NEW YORK (Reuters) - In the escalating battle of big data vs. human experts, score another win for numbers.
The most accurate predictions of which movies the U.S. Library of Congress will deem “culturally, historically, or aesthetically significant” are not the views of critics or fans but a simple algorithm applied to a database, according to a study published on Monday.

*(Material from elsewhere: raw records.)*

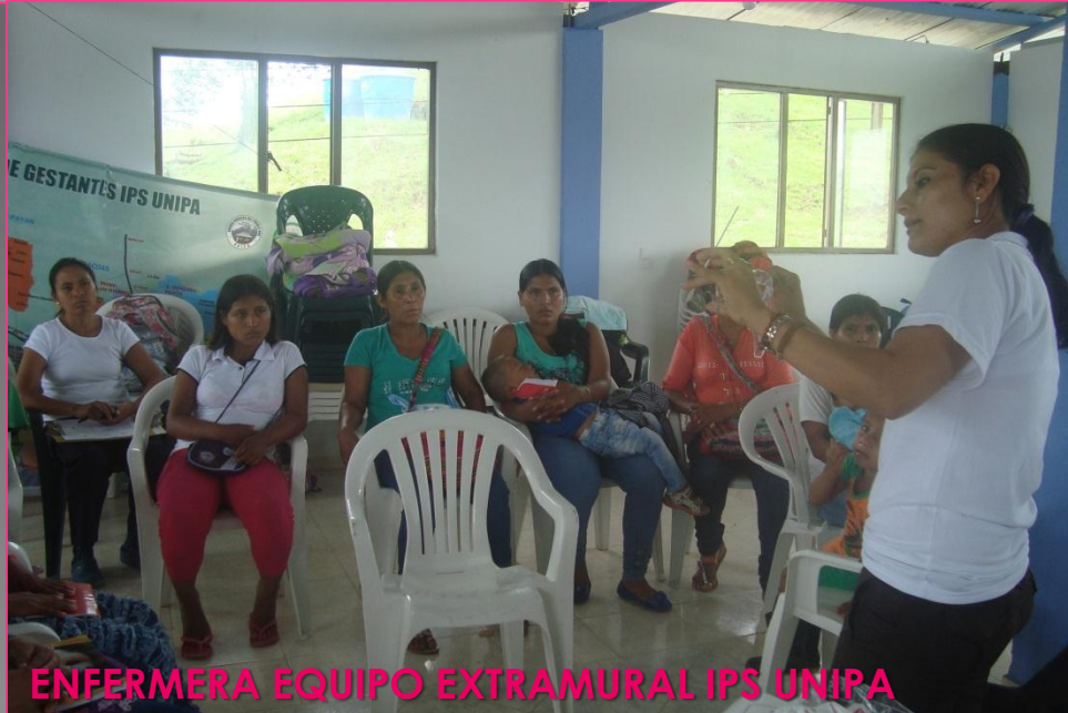
ENFERMERA EQUIPO EXTRAMURAL IPS UNIPA
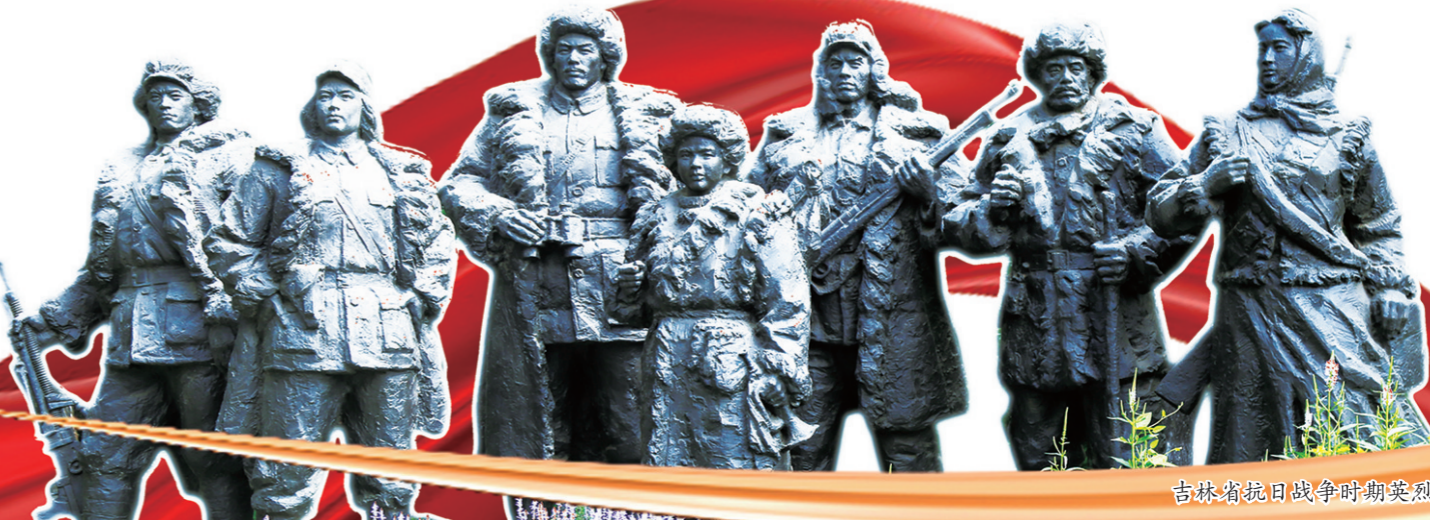
吉林省抗日战争时期英烈雕像
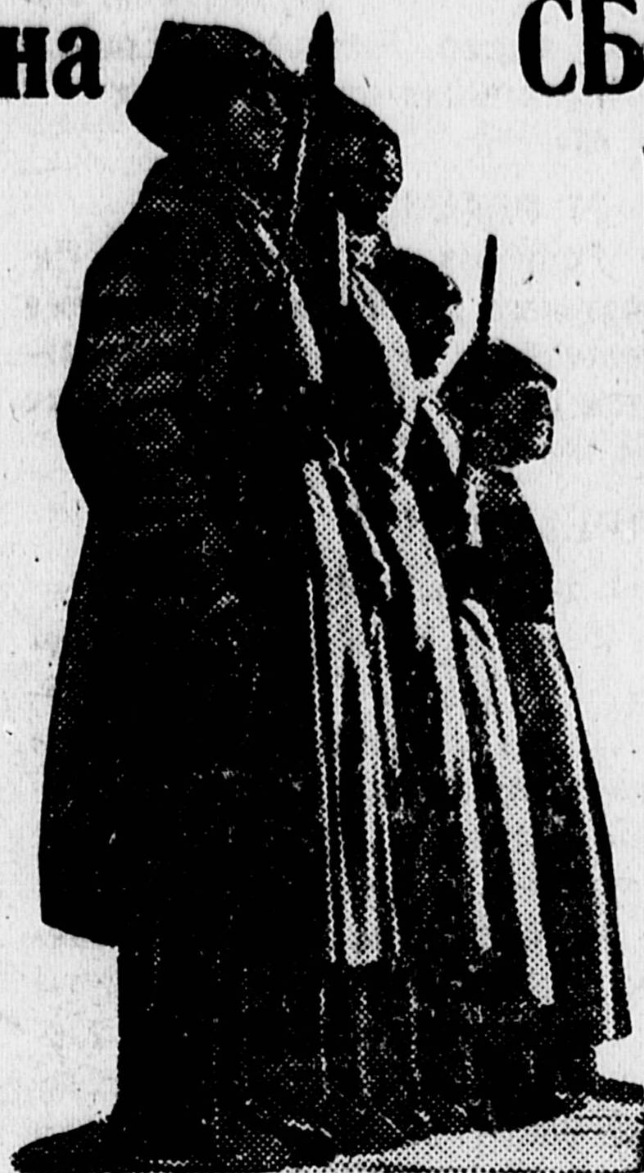
Изучим жизнь Красной армии. НА СНИМКЕ — красноармейцы в боевом строю.
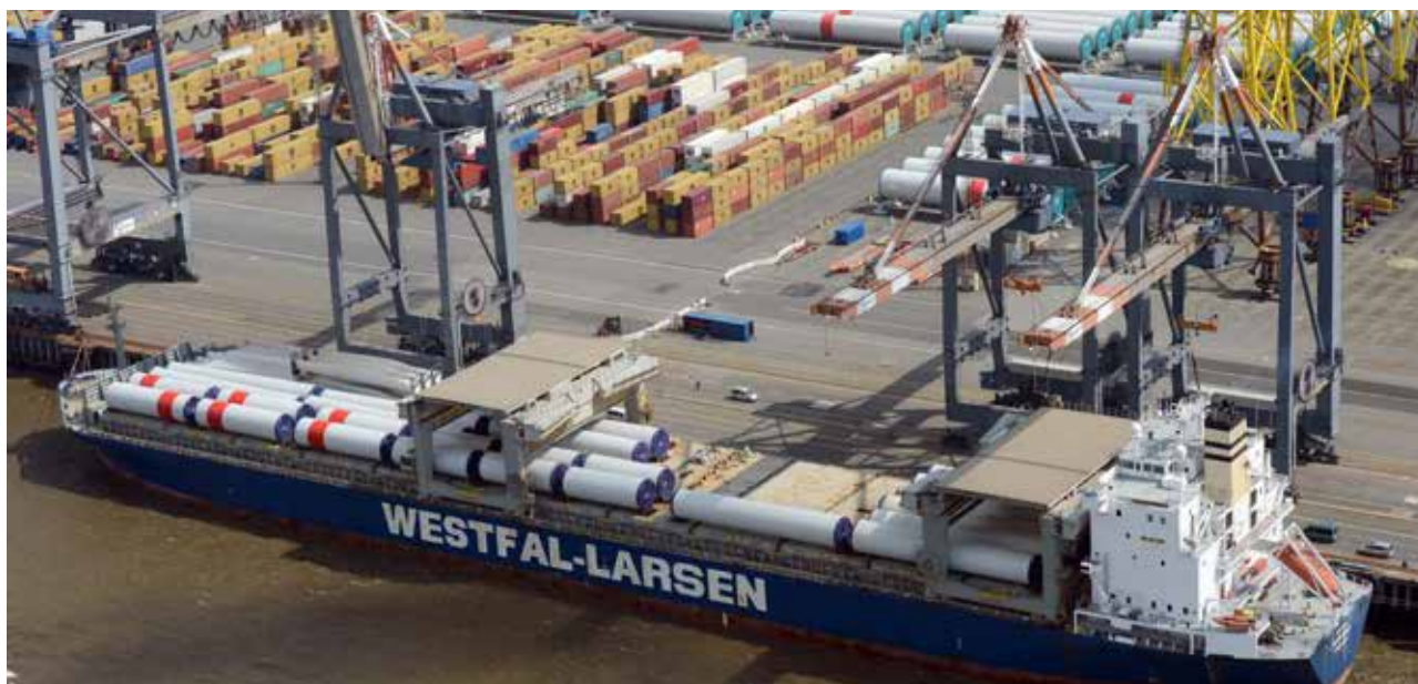
Projektverladung in Bremerhaven

Dieser Zwischenbericht enthält zukunftsbezogene Aussagen, die auf aktuellen Einschätzungen des Managements über künftige Entwicklungen beruhen. Solche Aussagen unterliegen Risiken und Unsicherheiten, die außerhalb der Möglichkeiten von der BREMER LAGERHAUS-GESELLSCHAFT –Aktiengesellschaft von 1877– bezüglich einer Kontrolle oder präzisen Einschätzung liegen, wie beispielsweise das zukünftige Marktumfeld und
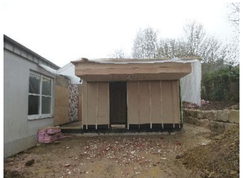
Hier entsteht der neue Eingang

Es geht zügig voran und wir nehmen weiterhin als möglichen Einweihungstermin Ende März in den Blick. Bitte beachten Sie dann unsere Einladung.
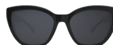
Passio/Po Gray Ref. 20100300061
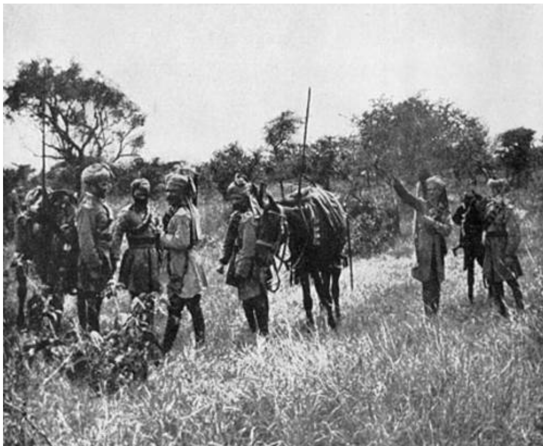
Indisk kavaleri i Østafrika 3 ).

General Wapshare udbad sig i januar 1915 forstærkninger fra Indien, og en eskadron fra 17 th Cavalry sammen med 130 th Baluchis (Jacob's Rifles) (omtales senere) blev sendt til Østafrika. Enhederne var fremme i Mombasa i februar 1915, hvor eskadronen blev sendt til området om Longido, mens bataljonen blev sendt til Voi.
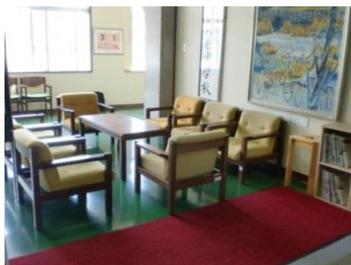
(玄関中央の応接セット)
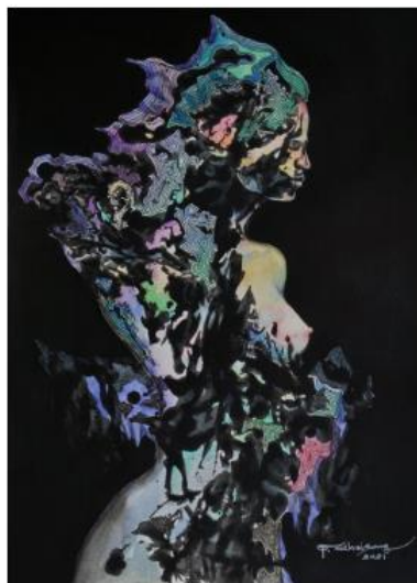
ชื่อผลงาน Nudity in the subconscious ขนาด 37x28 เซนติเมตร เทคนิค สีอะครีลิก สีน้ำ และปากกานบนกระดาษ ปีที่สร้าง 2564
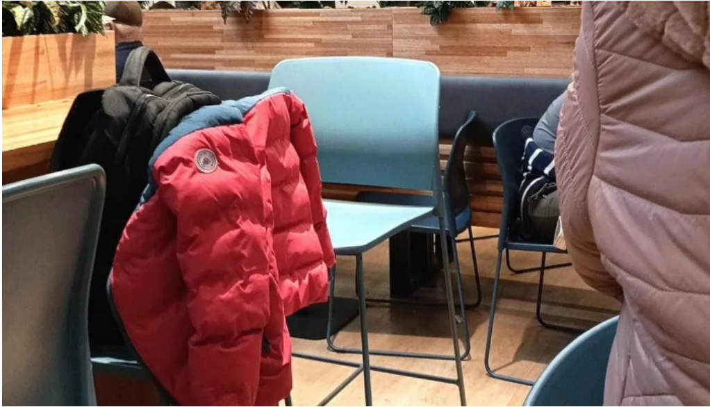
Subway comentario 4
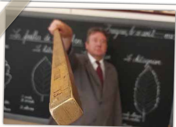
Animatie in een klas van 1932

Als scholier in 1932 kun je de discipline van vroeger (her)beleven, en dat op een leuke manier!
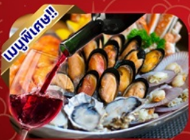
ซีฟู้ดไฮน์แดง
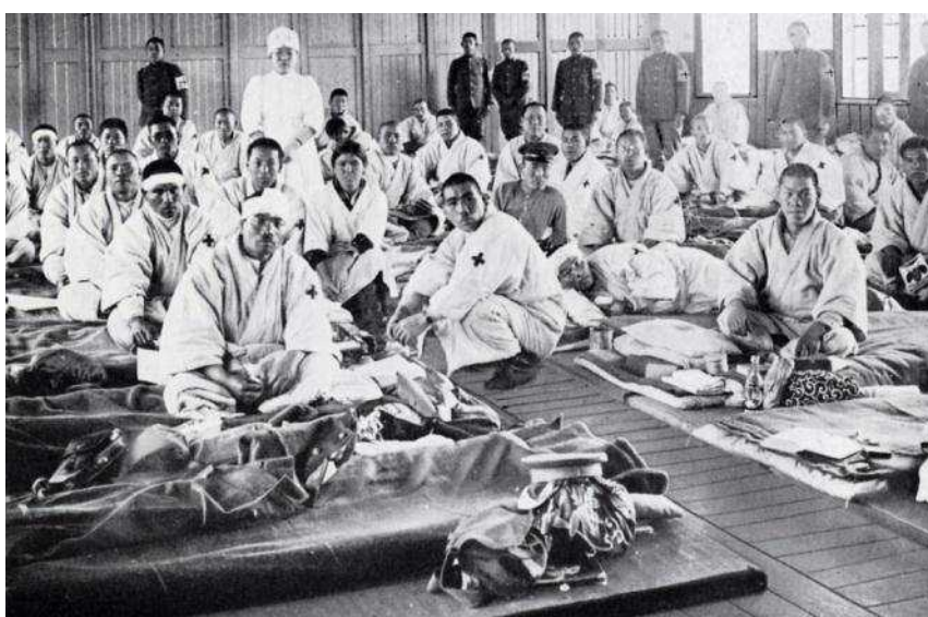
兵站病院に収容された戦傷病者たち

患者自動車や自動貨車（トラック）で、戦地を離れた兵站病院で体力の回復を図ります。
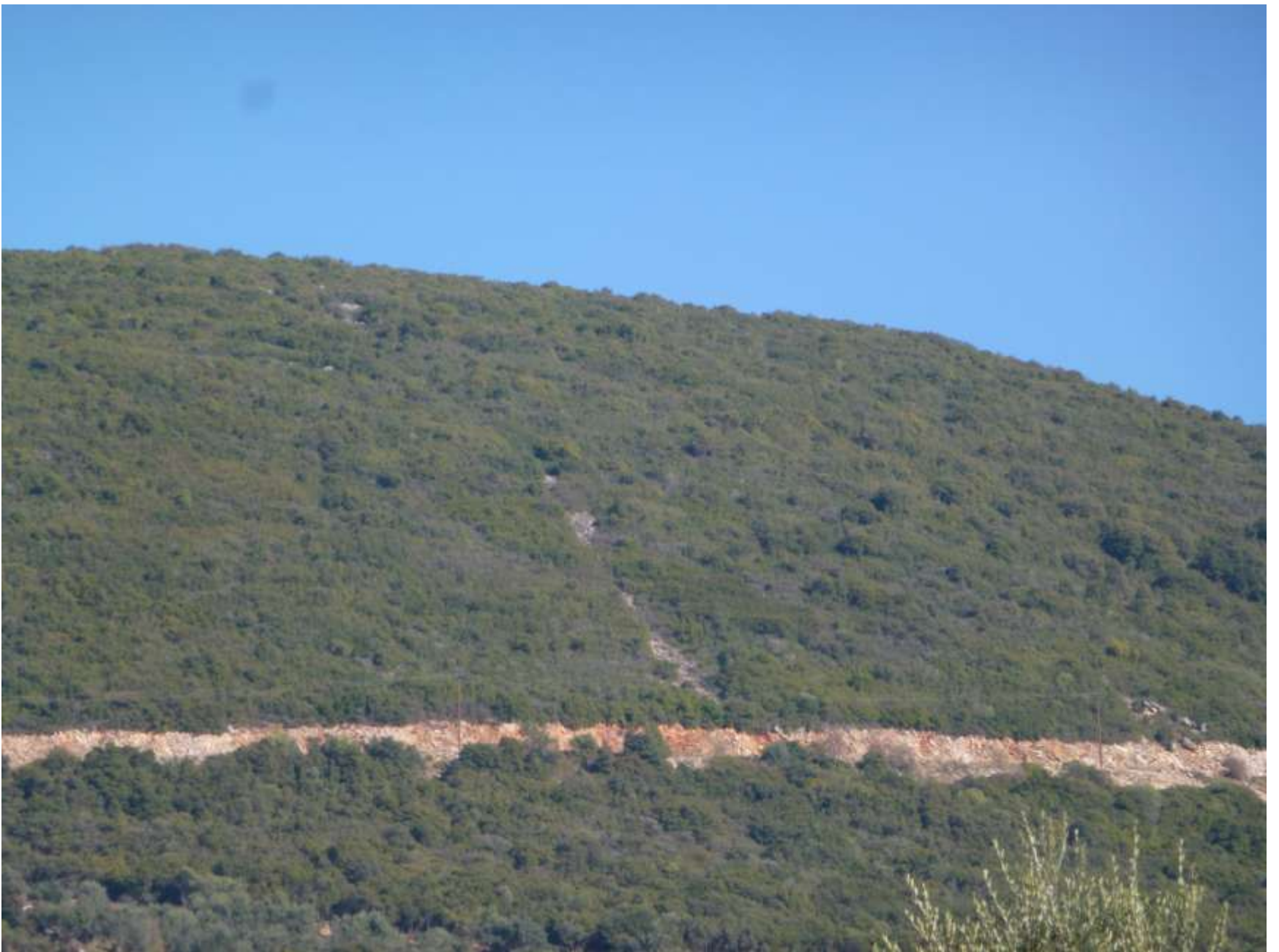
Τα ίχνη ( η κάθετη γραμμή) από το «Βίντσι του Τασσιόπουλου».

The crucial data, scientists reported in Proceedings of the National Academy of Sciences, are what the Internet Movie Database (IMDb.com) calls “Connections” - films, television episodes and other works that allude to an earlier movie.
For 15,425 films in IMDB.com examined in the study, the measure that was most predictive of which made it into the Library of Congress’s National Film Registry, which honors “significant” movies, was the number of references to it by other films released many years later.
The 1972 classic “The Godfather,” for instance, is referred to by 1,323 films and television episodes, which as recently as 2014 quoted the “offer he can’t refuse” line, referred to the famous horse-head scene, or played the theme music, for instance. “Godfather” made the registry in 1990.
The number of references to a film more than 25 years after its release was a nearly infallible predictor of whether it would make the registry, topping 91 percent accuracy, said applied mathematician and study author Max Wasserman of Northwestern University.
Critics’ judgments, Oscar wins, and box-office numbers did not come close.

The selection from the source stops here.